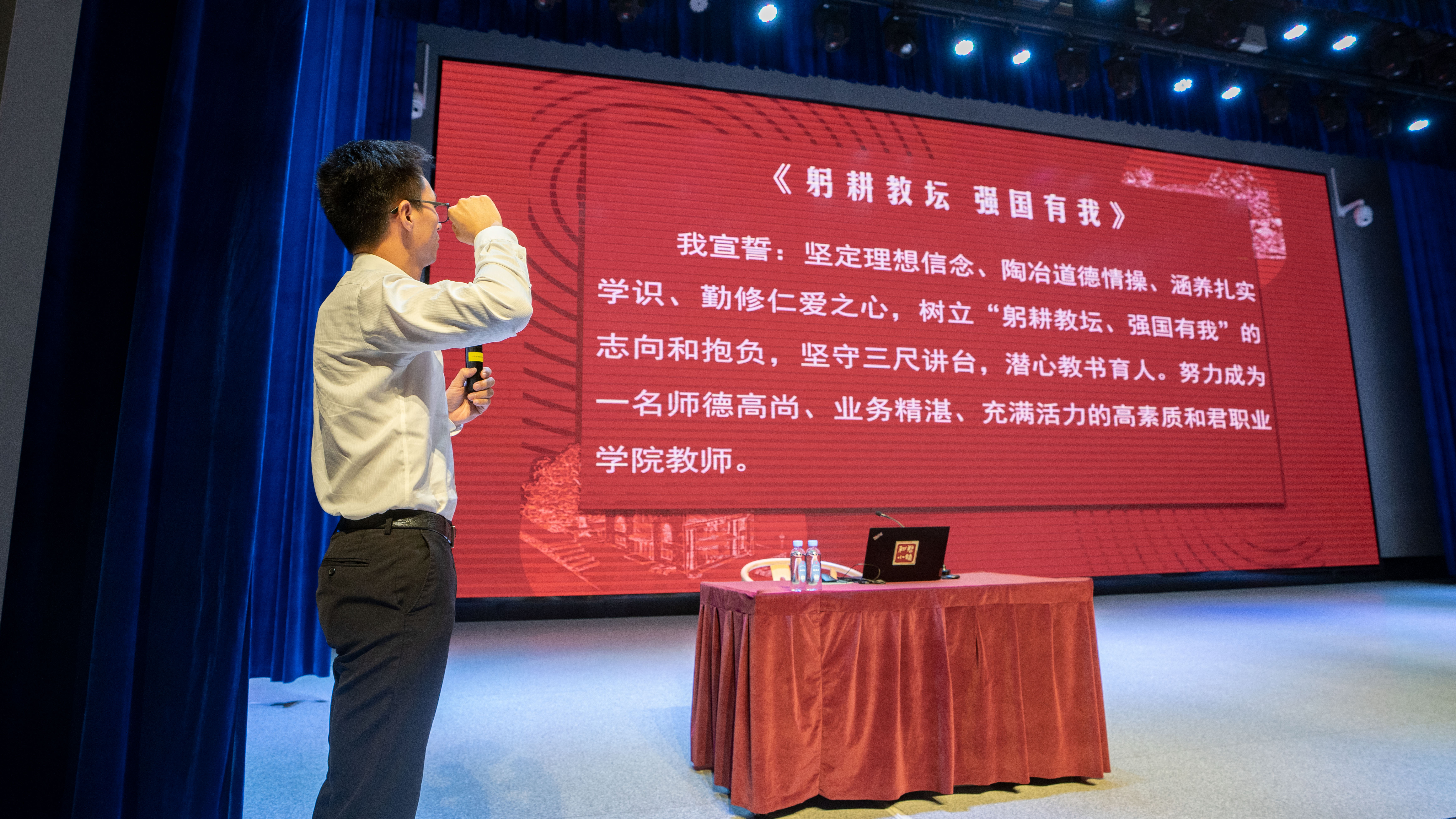 会议临近结束,在王明夫、李兴的带领下💇♀️,全体教职工起立,分别高声朗读《和职诵》🐢,并庄严举行了“躬耕教坛、强国有我”的集体宣誓。(撰稿/王继东💂🏼♂️🧑🎓,图片/李锐,初审/李锐,复审/王继东,终审/韩晓军🐨🐉。)
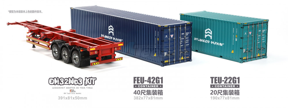 - Factory description: Orlandoo Hunter Model OH32T01 SCANIA R650 1/32 Container Skeletal Trailer Kit
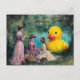 Una divertida pintura de estilo histórico de tres mujeres sentadas al lado del lago haciendo un picnic con un pato gigante en el parque AI generó arte
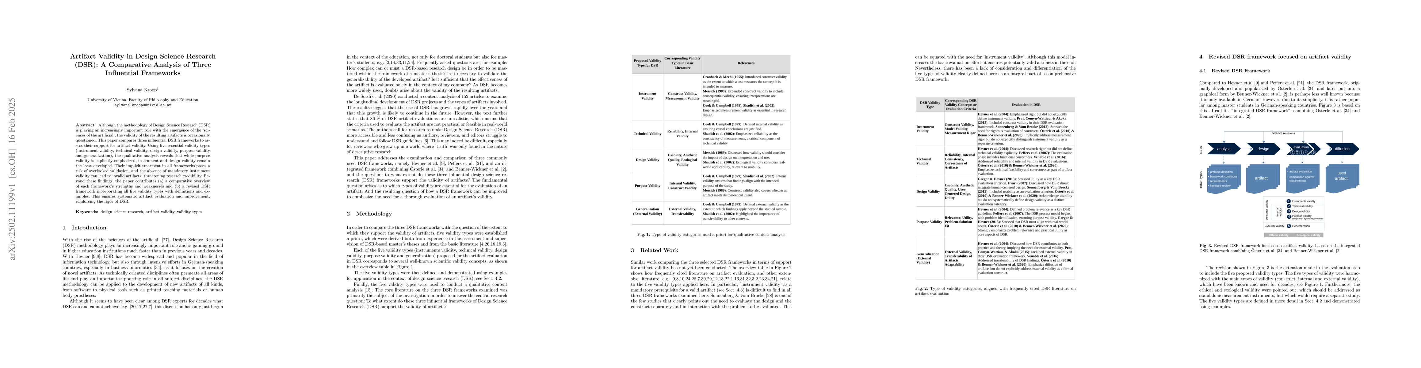 This research compares three influential Design Science Research (DSR) frameworks to assess their support for artifact validity using five essential validity types: instrument validity, technical validity, design validity, purpose validity, and generalization.
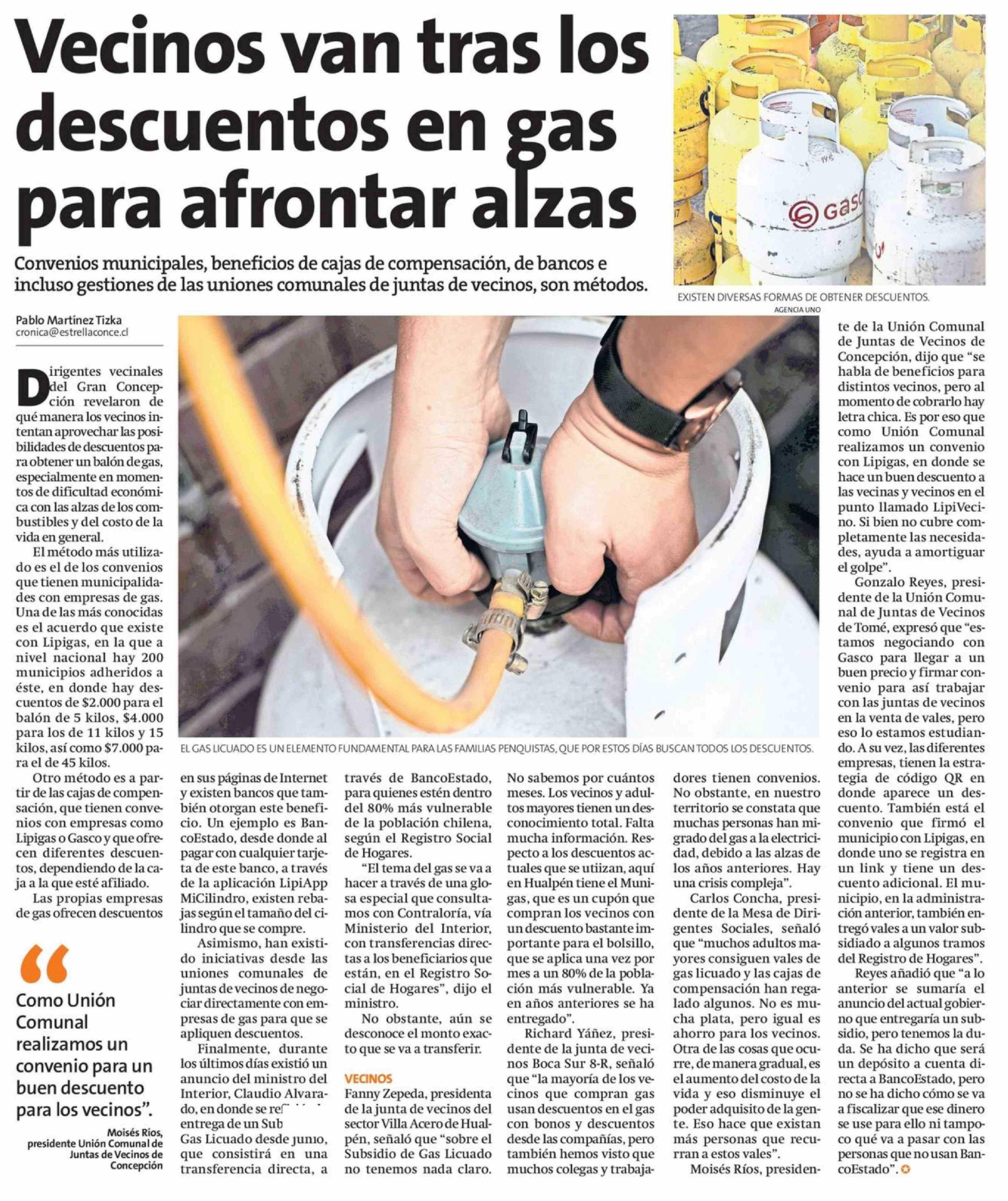 Vecinos van tras los descuentos en gas para afrontar alzas 25-04-2026 La Estrella de Concepción |
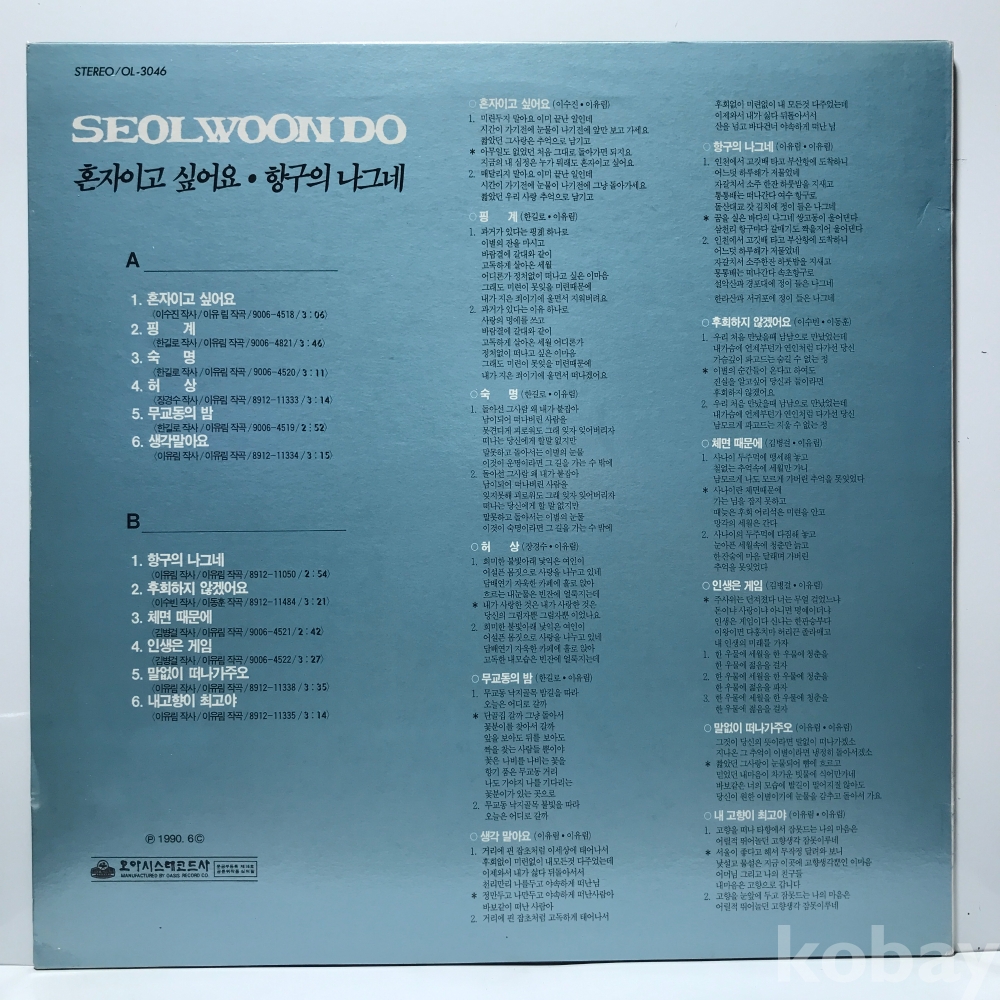 LP 22,447-46 설운도 - 혼자이고 싶어요/ 항구의 나그네 자켓 EX+ 알판 EX+ 90 년 국내반

──────

Problem to work on » Reproduce the whole listing verbatim. Pictures stay out of the copy.

Written answer »
 会议临近结束,在王明夫、李兴的带领下💇♀️,全体教职工起立,分别高声朗读《和职诵》🐢,并庄严举行了“躬耕教坛、强国有我”的集体宣誓。(撰稿/王继东💂🏼♂️🧑🎓,图片/李锐,初审/李锐,复审/王继东,终审/韩晓军🐨🐉。)
 - Factory description: Orlandoo Hunter Model OH32T01 SCANIA R650 1/32 Container Skeletal Trailer Kit
 Una divertida pintura de estilo histórico de tres mujeres sentadas al lado del lago haciendo un picnic con un pato gigante en el parque AI generó arte
 This research compares three influential Design Science Research (DSR) frameworks to assess their support for artifact validity using five essential validity types: instrument validity, technical validity, design validity, purpose validity, and generalization.
 Vecinos van tras los descuentos en gas para afrontar alzas 25-04-2026 La Estrella de Concepción |
 LP 22,447-46 설운도 - 혼자이고 싶어요/ 항구의 나그네 자켓 EX+ 알판 EX+ 90 년 국내반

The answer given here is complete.